(Recorded data)
*****
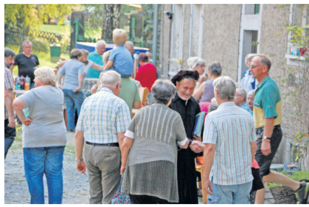
am Sonntag in Fischbach mit einem Gottesdienst. Text & Fotos: Red.
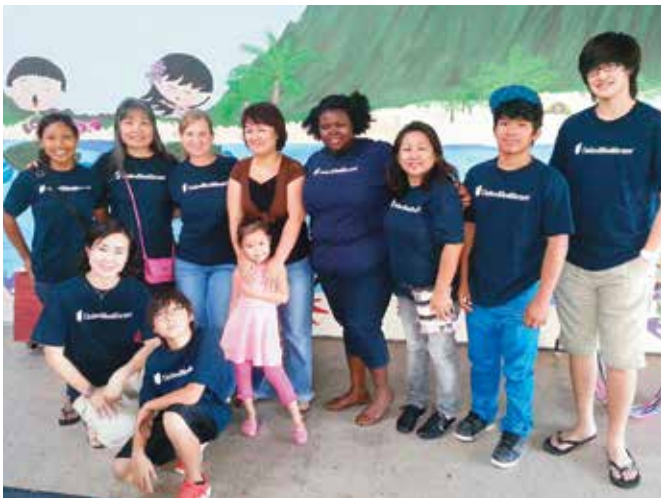
다음 단계 피난처 2월 케이크 생일 파티(Next Step Shelter February Keiki Birthday Party), 호놀룰루

우리는 또한 살고 일하는 지역사회에 자발적으로 기여합니다. 우리는 만나는 각 사람과의 유대감을 소중히 여깁니다. 최근에 우리가 지역사회 일원으로 단결했었던 몇 가지 행사를 생각해 보십시오.
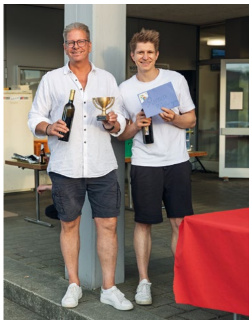
1. Preis für Team Bickelbello (4776 Punkte)

Gray Lackey hat die strahlenden Sieger des Jassturniers fotografiert.
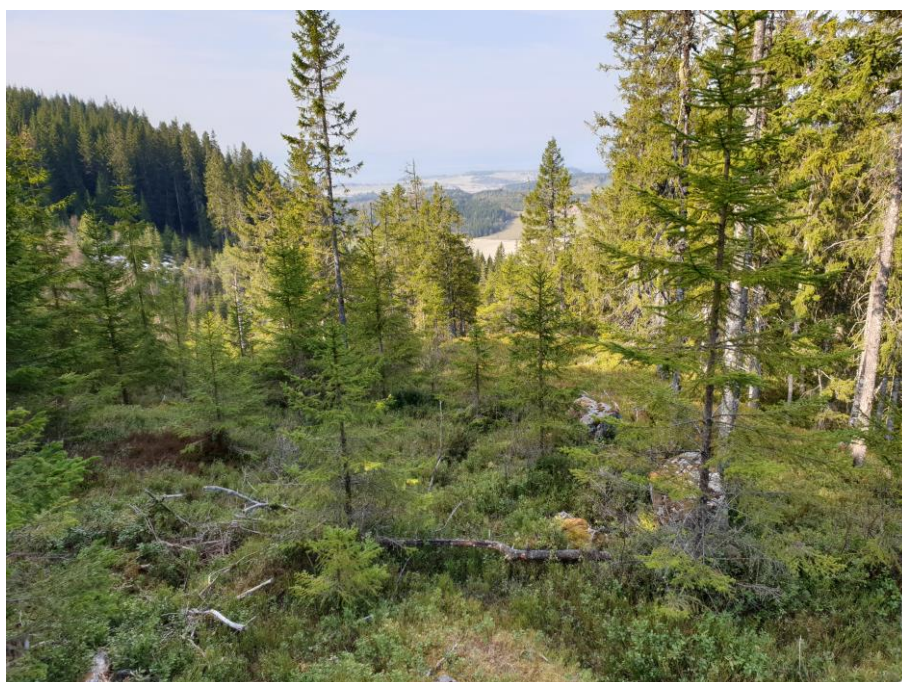
Utsikt fra årets post 32 på Volhaugen
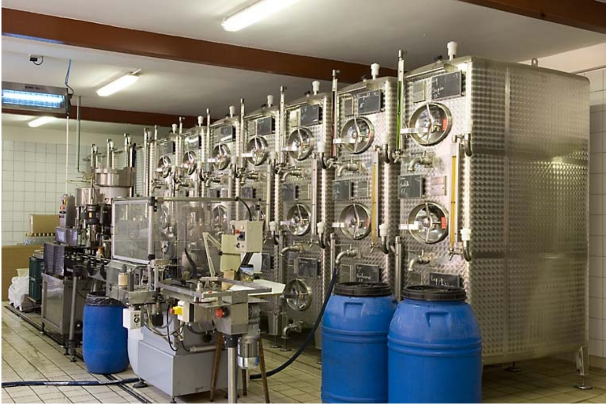
Chai. Batterie de cuves.

70, Fougerolles, 7, 9 rue des Moines Hauts
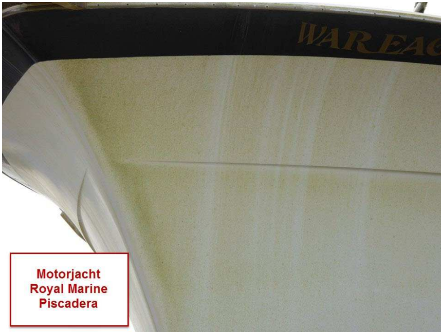
Motorjacht Royal Marine Piscadera
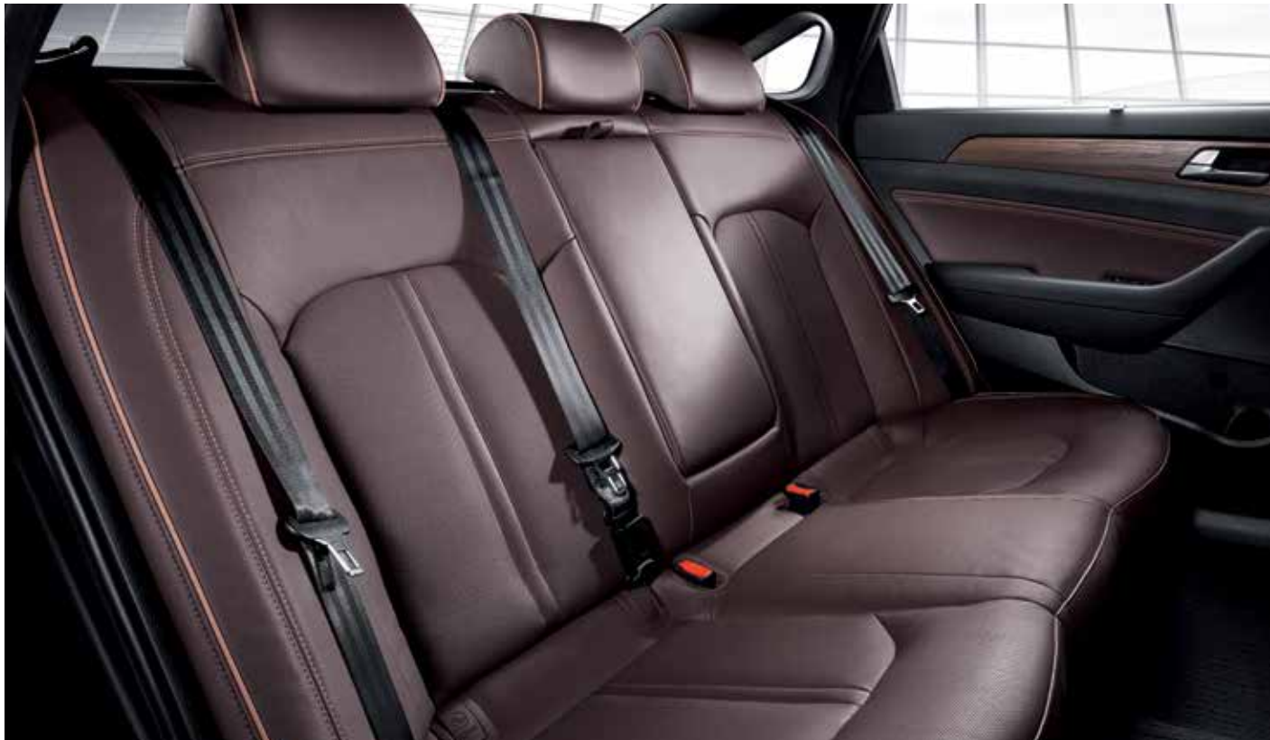
세련된 컬러의 여유롭고 안락한 실내 공간
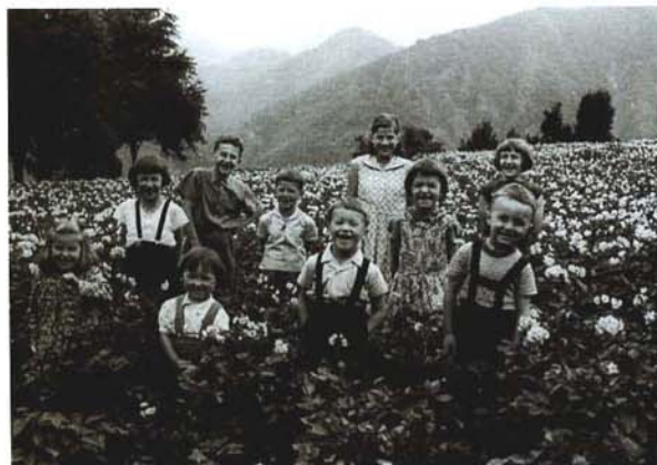
Otroci na krompirjevem polju Bambini in un campo di patate
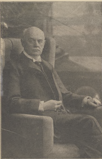
אויסלויך ווישען עטערניש און דער שריקע: שריקע און קאנסערוואטיוו, דער עטערנישע אונטערשטייג און קאנסערוואטיוו.
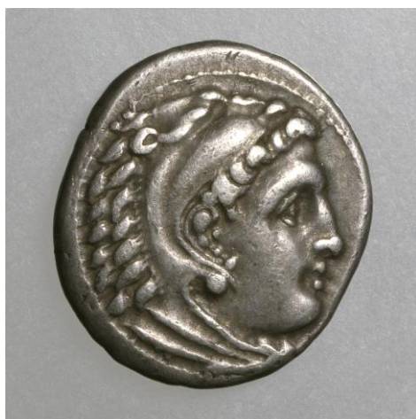
Монета (драхма) с изображением Александра Великого. Македония, 336 – 323 гг. до н.э. Государственный Эрмитаж

23 февраля 2023 года в Центре «Эрмитаж- Казань» открывается выставка «Александр Македонский. Путь на Восток». Государственный Эрмитаж представит в столице Татарстана масштабную эпопею, посвящённую самому великому царю и полководцу всех времён и народов. Около 400 экспонатов расскажут о Восточном походе Александра, о распространении греческой культуры на огромных территориях Азии и о величии классического искусства Эллады. Выставка станет центральным событием Дней Эрмитажа в Казани, которые пройдут с 21 по 23 февраля 2023 года.
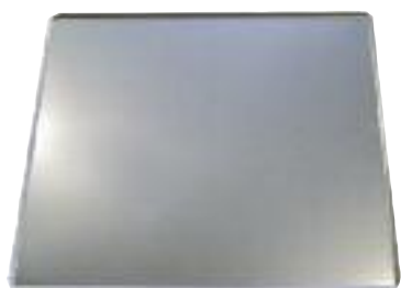
Backblech für PX 790
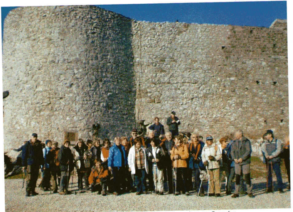
Pred pričetkom pešpoti obvezen skupinski posnetek pred gradom na Socerbu.

Cerkev v Črnem Kalu, ki smo si jo tudi ogledali, je tudi posvečena sv. Valentinu. Notranjost ni posebno bogata, saj zadnje prezidave sodijo v novejšo dobo. Posebnost cerkve pa je, da ima nagnjen zvonik, zato bi lahko rekli, da gre za slovensko različico stolpa iz Pize. Zvonik cerkve se menda nagiba zaradi drsenja flišnih tal.
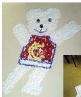
Na foto ao lado, urso do uniforme da Educação Infantil produzido pela Pré-escola I, através de colagem.
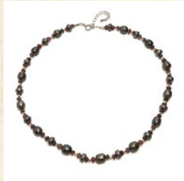
パール・ガーネット・ ネックレス 出品: フィガロショップ
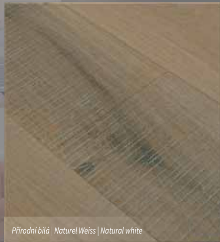
Přírodní bílá | Naturel Weiss | Natural white
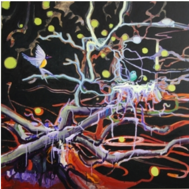
aanvliëgend in het donker, 2010 olieverf op linnen, 140 x 140
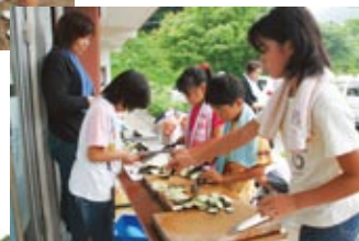
▲上手な包丁さばきです
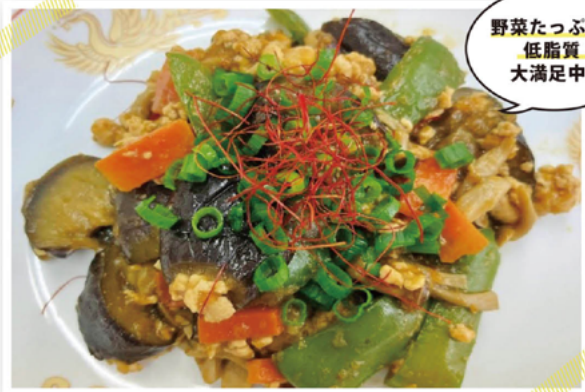
野菜たっぷり 低脂質! 大満足中華
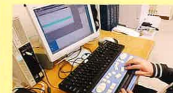
▲パソコンと専用機械をつなぎ、紙に打ち出さずに、点字を読むことができます
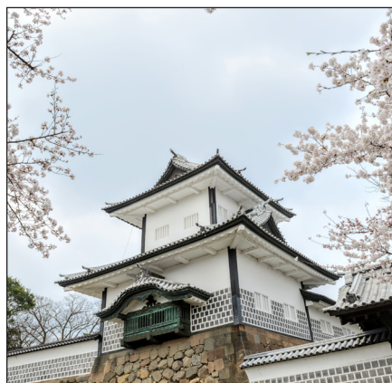
Tekst og foto: Nobukazu Imazu

Du er velkommen til et informasjonsmøte om reisen i Olsvik kirke tirsdag 23. april kl.19:00, dersom du er interessert.
*****
PROBLEM TO WORK ON: The required output is a verbatim repetition of the lines from the opening of the entries above through the line containing "Na foto ao lado, urso", inclusive, with no pictures and nothing else.

FINAL ANSWER:
am Sonntag in Fischbach mit einem Gottesdienst. Text & Fotos: Red.
다음 단계 피난처 2월 케이크 생일 파티(Next Step Shelter February Keiki Birthday Party), 호놀룰루

우리는 또한 살고 일하는 지역사회에 자발적으로 기여합니다. 우리는 만나는 각 사람과의 유대감을 소중히 여깁니다. 최근에 우리가 지역사회 일원으로 단결했었던 몇 가지 행사를 생각해 보십시오.
1. Preis für Team Bickelbello (4776 Punkte)

Gray Lackey hat die strahlenden Sieger des Jassturniers fotografiert.
Utsikt fra årets post 32 på Volhaugen
Chai. Batterie de cuves.

70, Fougerolles, 7, 9 rue des Moines Hauts
Motorjacht Royal Marine Piscadera
세련된 컬러의 여유롭고 안락한 실내 공간
Otroci na krompirjevem polju Bambini in un campo di patate
אויסלויך ווישען עטערניש און דער שריקע: שריקע און קאנסערוואטיוו, דער עטערנישע אונטערשטייג און קאנסערוואטיוו.
Монета (драхма) с изображением Александра Великого. Македония, 336 – 323 гг. до н.э. Государственный Эрмитаж

23 февраля 2023 года в Центре «Эрмитаж- Казань» открывается выставка «Александр Македонский. Путь на Восток». Государственный Эрмитаж представит в столице Татарстана масштабную эпопею, посвящённую самому великому царю и полководцу всех времён и народов. Около 400 экспонатов расскажут о Восточном походе Александра, о распространении греческой культуры на огромных территориях Азии и о величии классического искусства Эллады. Выставка станет центральным событием Дней Эрмитажа в Казани, которые пройдут с 21 по 23 февраля 2023 года.
Backblech für PX 790
Pred pričetkom pešpoti obvezen skupinski posnetek pred gradom na Socerbu.

Cerkev v Črnem Kalu, ki smo si jo tudi ogledali, je tudi posvečena sv. Valentinu. Notranjost ni posebno bogata, saj zadnje prezidave sodijo v novejšo dobo. Posebnost cerkve pa je, da ima nagnjen zvonik, zato bi lahko rekli, da gre za slovensko različico stolpa iz Pize. Zvonik cerkve se menda nagiba zaradi drsenja flišnih tal.
Na foto ao lado, urso do uniforme da Educação Infantil produzido pela Pré-escola I, através de colagem.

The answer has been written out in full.